Your instructions » Your answer must be only the lines below from the one containing "輸入名車専門店ガレージカレン" through the one containing "1. Пожалуйста, убедитесь, что", copied exactly, with the pictures left out.

----- Materials provided -----

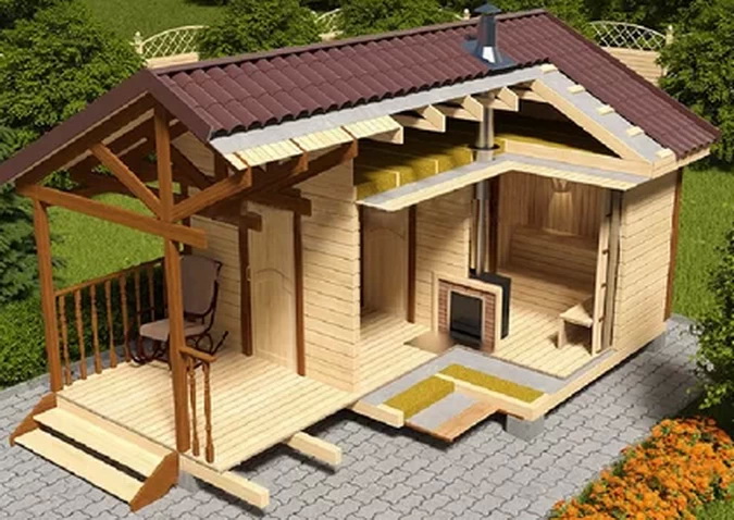 Отдельно стоящие бани обычно покрывают двускатной крышей. Односкатный вариант используют для бани-пристройки. В этом случае крыша бани является продолжением крыши основного здания.
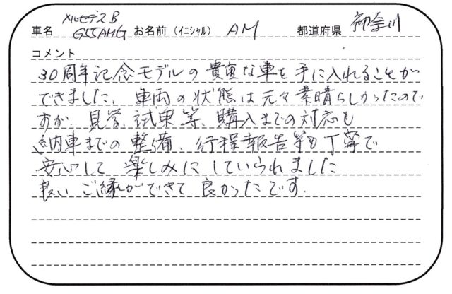 輸入名車専門店ガレージカレントでお車を購入頂いたお客様の声です! 掲載を許可して下さったお客様のみ載せております。
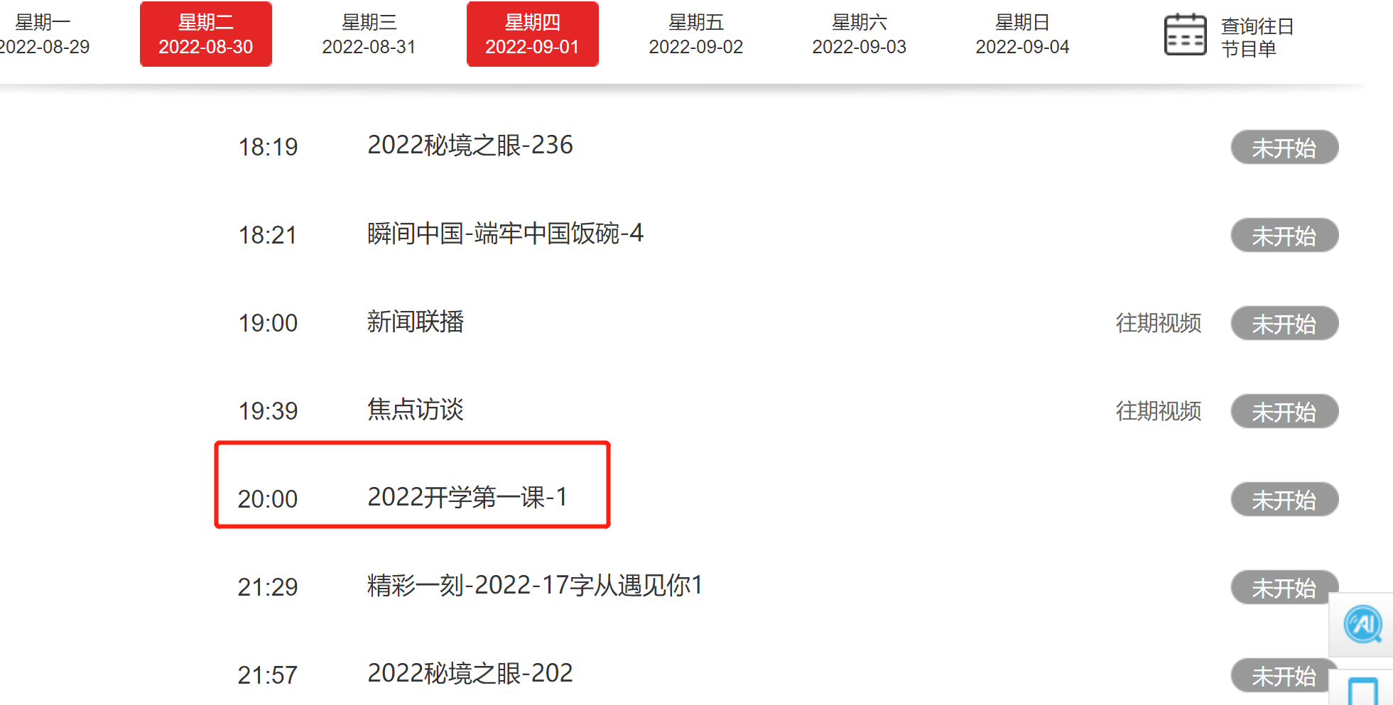 2022秋季cctv1开学第一课直播视频在线观看入口
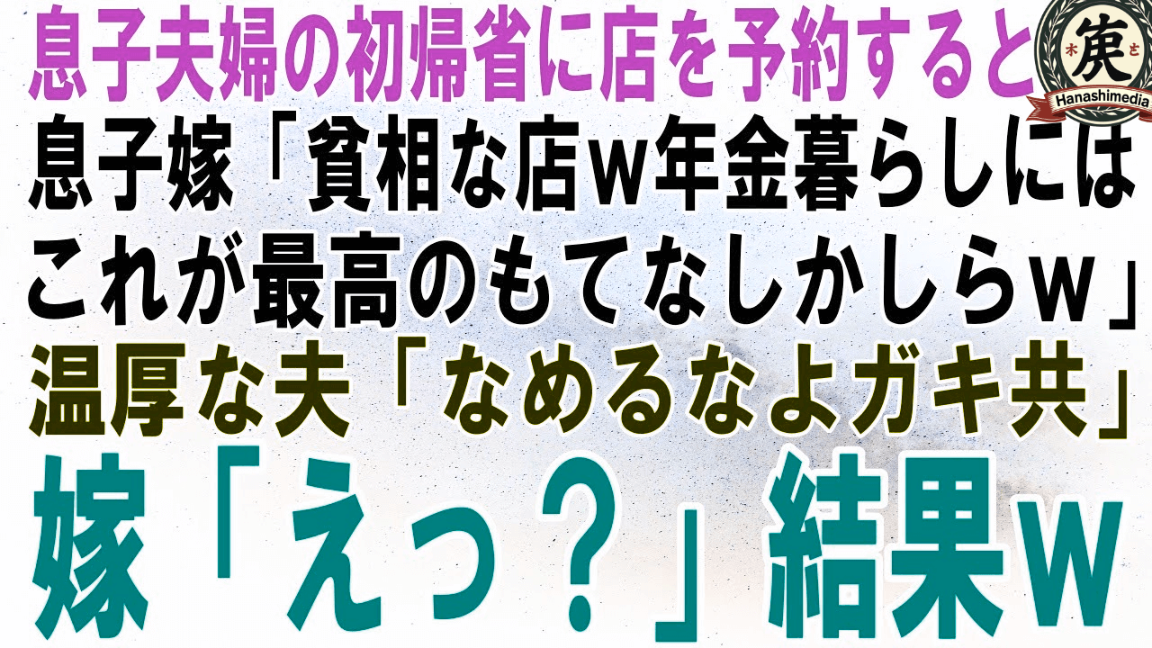 【スカッとする話】息子夫婦の初帰省に店を予約→嫁「貧相な店…年金暮らしにはこれが限界なんでしょうねw」普段温厚な夫「なめるなよクソガキが」嫁「えっ」実はw【修羅場】
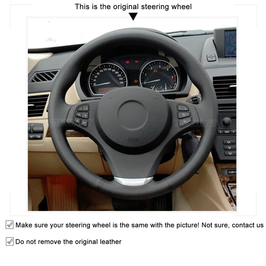 1. Пожалуйста, убедитесь, что ваше рулевое колесо совпадает с картинкой (форма и характеристики), если не уверены, не стесняйтесь связаться с нами.2. Чтобы хорошо подогнать руль, не снимайте оригинальную кожу перед установкой.
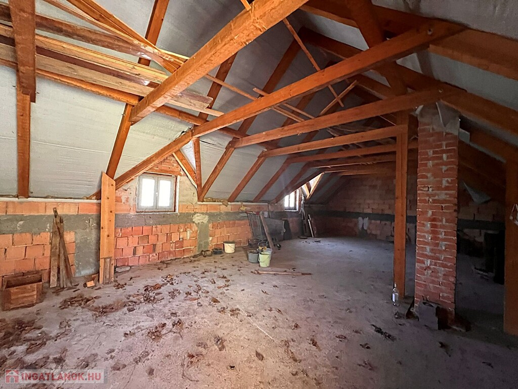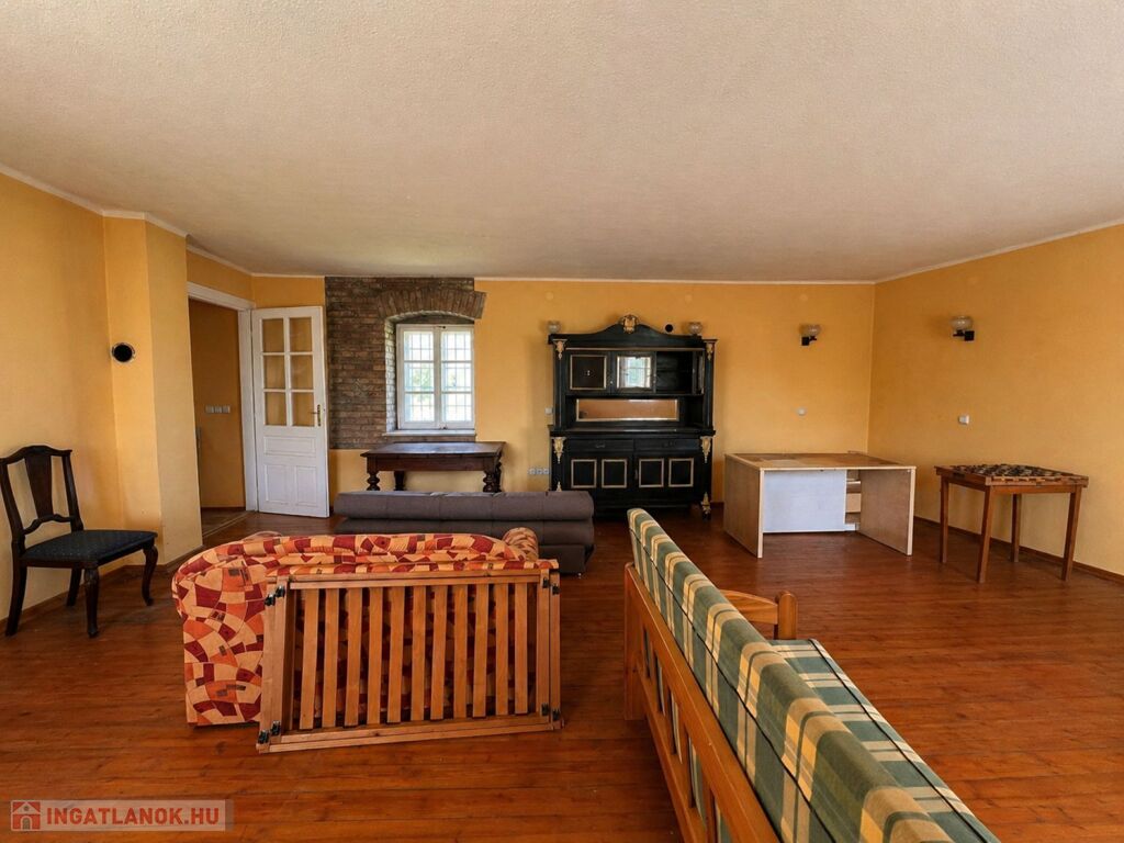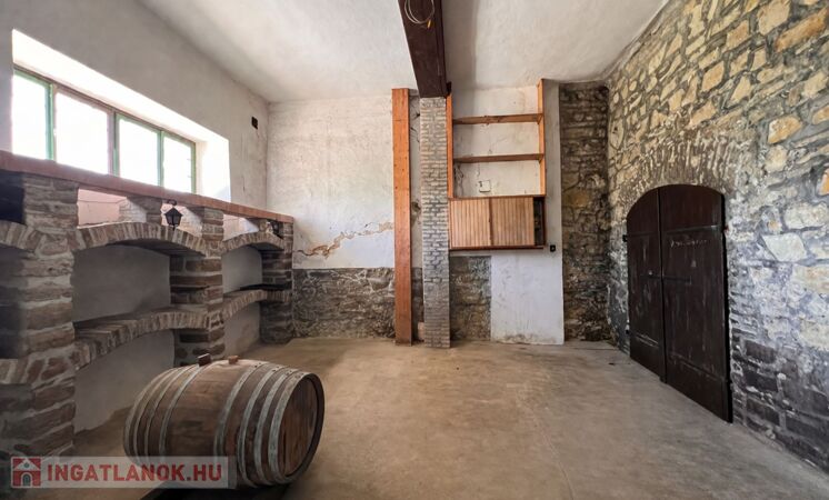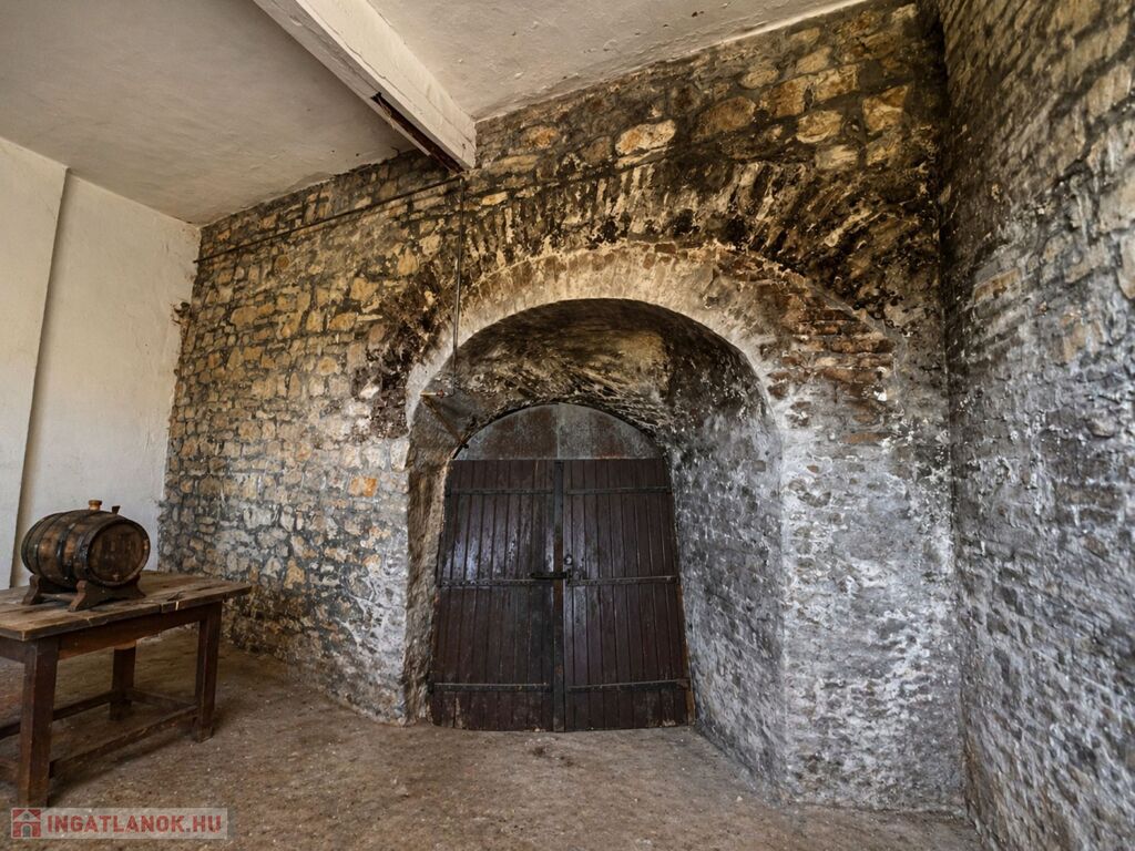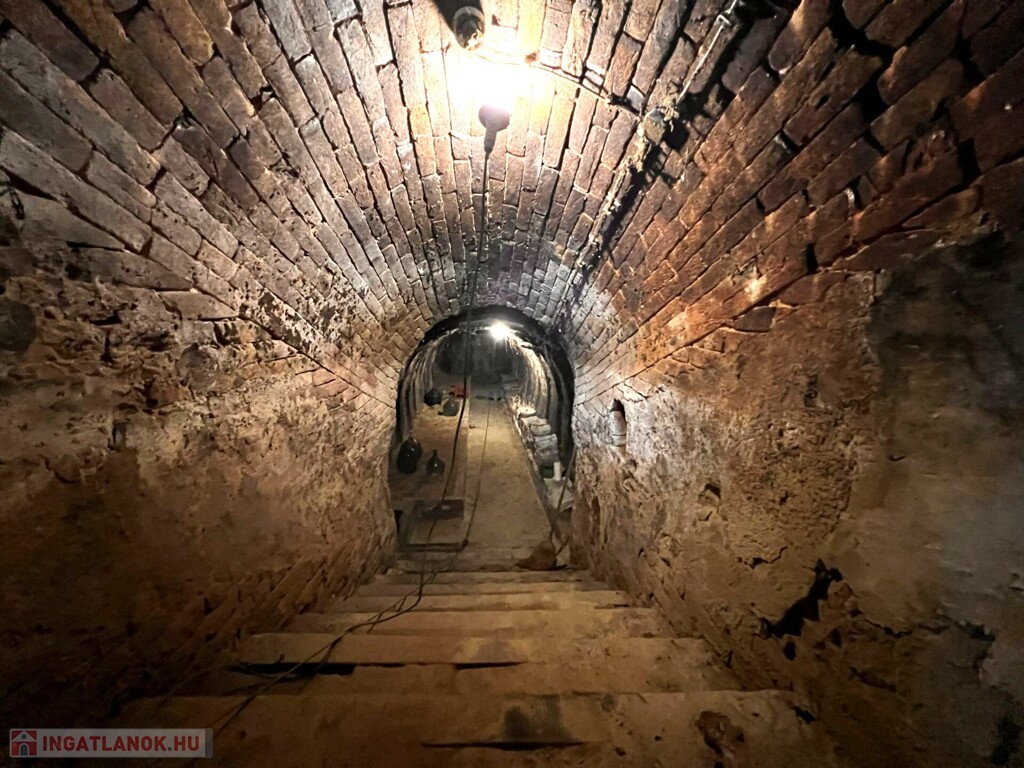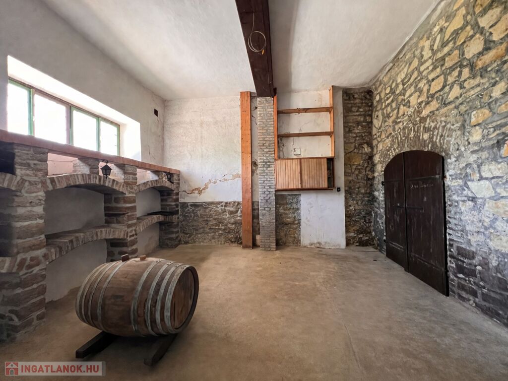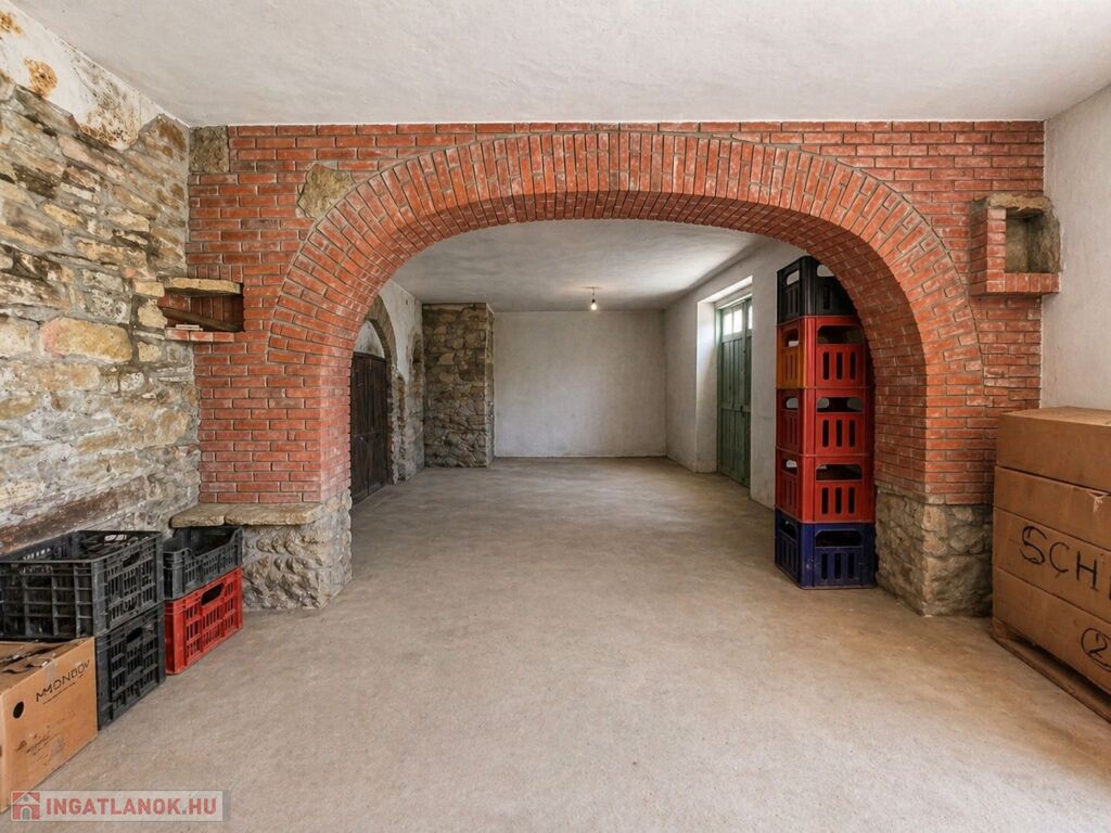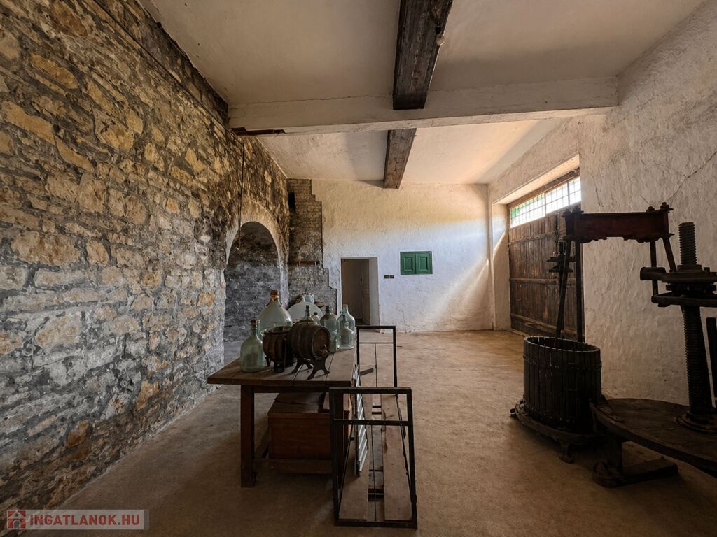 Az épület mellett található a későbbi, 100 m2- es, téglából készült rész, amely már szerkezetében is a nagyobb volumenű hasznosítást támogatja. Itt a földszinten két nagy méretű terem áll rendelkezésre, valamint két lenyűgöző, téglaboltíves pinceág, amelyek közül az egyik jelenleg beszakadt állapotú, de kitisztítva és helyreállítva különleges értéket képviselhet. Az ingatlan különlegessége, hogy a két épületrész belül, egy folyosón keresztül is összeköttetésben áll, így egységes, jól átlátható és könnyen használható teret alkotnak, ami kiválóan alkalmas például borkóstolók vagy tematikus rendezvények lebonyolítására. A helyiségek között megtalálható még egy feldolgozó szoba, két mellékhelyiség és egy tároló is. A tetőtér beépítése már elkezdődött, összesen mintegy 110 m²-en kínál további bővítési lehetőséget, amely kiváló alap lehet szobák vagy apartmanok kialakításához.
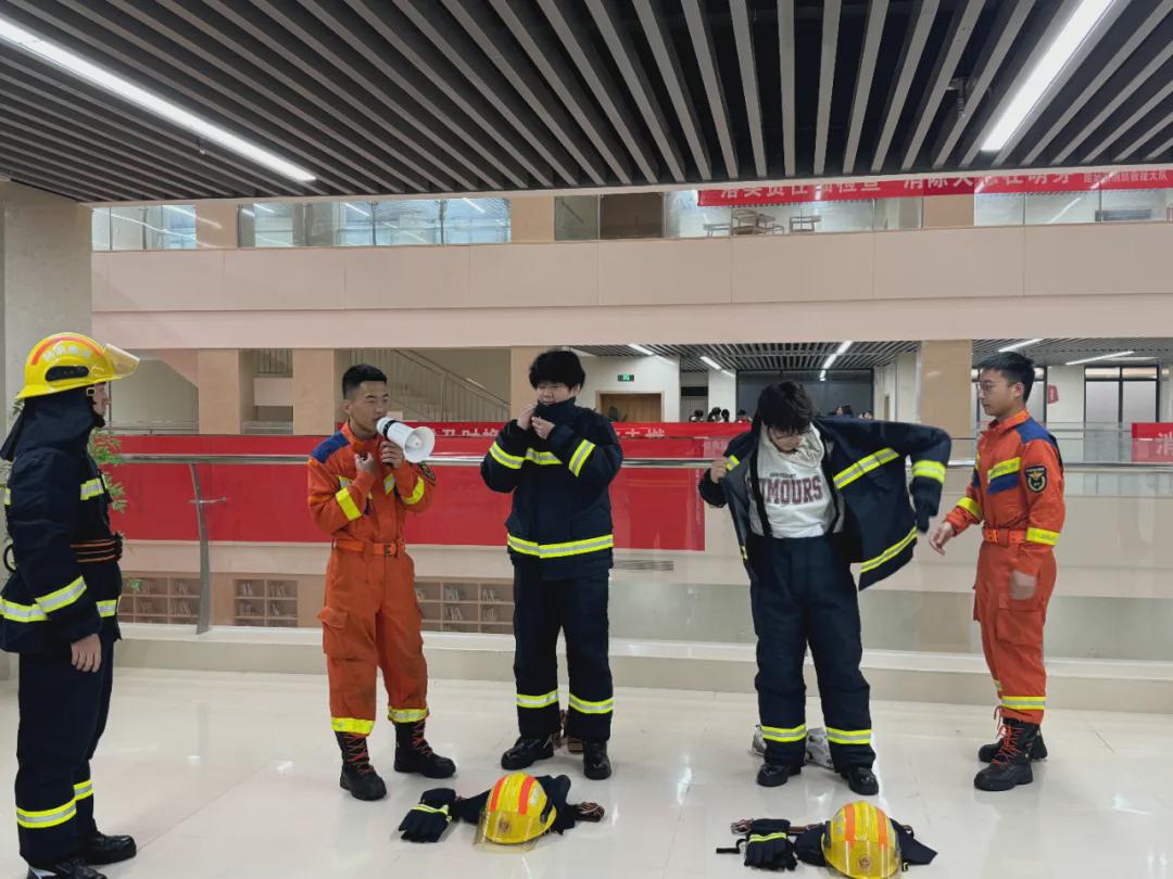 本次活动聚焦趣味性与实效性相结合,设置了“消防知我知道”知识问答、“战斗服穿戴大pk”、“趣味消防接力赛”、“消防器材识别站”、“查找消防漏洞”、“我是小小消防员”及“实战演练”等多个体验环节。活动现场,同学们分组参与,秩序井然,在轻松愉快的氛围中学习掌握了基本的防火、灭火、逃生知识。
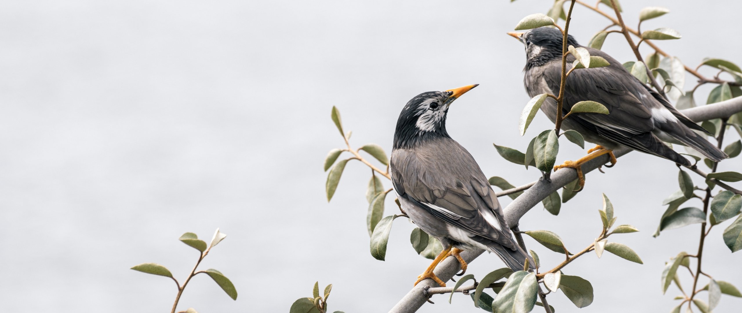 Обои: птицы на ветке, пара птичек - 2560x1080

-----

Problem solution »
 輸入名車専門店ガレージカレントでお車を購入頂いたお客様の声です! 掲載を許可して下さったお客様のみ載せております。
 2022秋季cctv1开学第一课直播视频在线观看入口
 【スカッとする話】息子夫婦の初帰省に店を予約→嫁「貧相な店…年金暮らしにはこれが限界なんでしょうねw」普段温厚な夫「なめるなよクソガキが」嫁「えっ」実はw【修羅場】
 1. Пожалуйста, убедитесь, что ваше рулевое колесо совпадает с картинкой (форма и характеристики), если не уверены, не стесняйтесь связаться с нами.2. Чтобы хорошо подогнать руль, не снимайте оригинальную кожу перед установкой.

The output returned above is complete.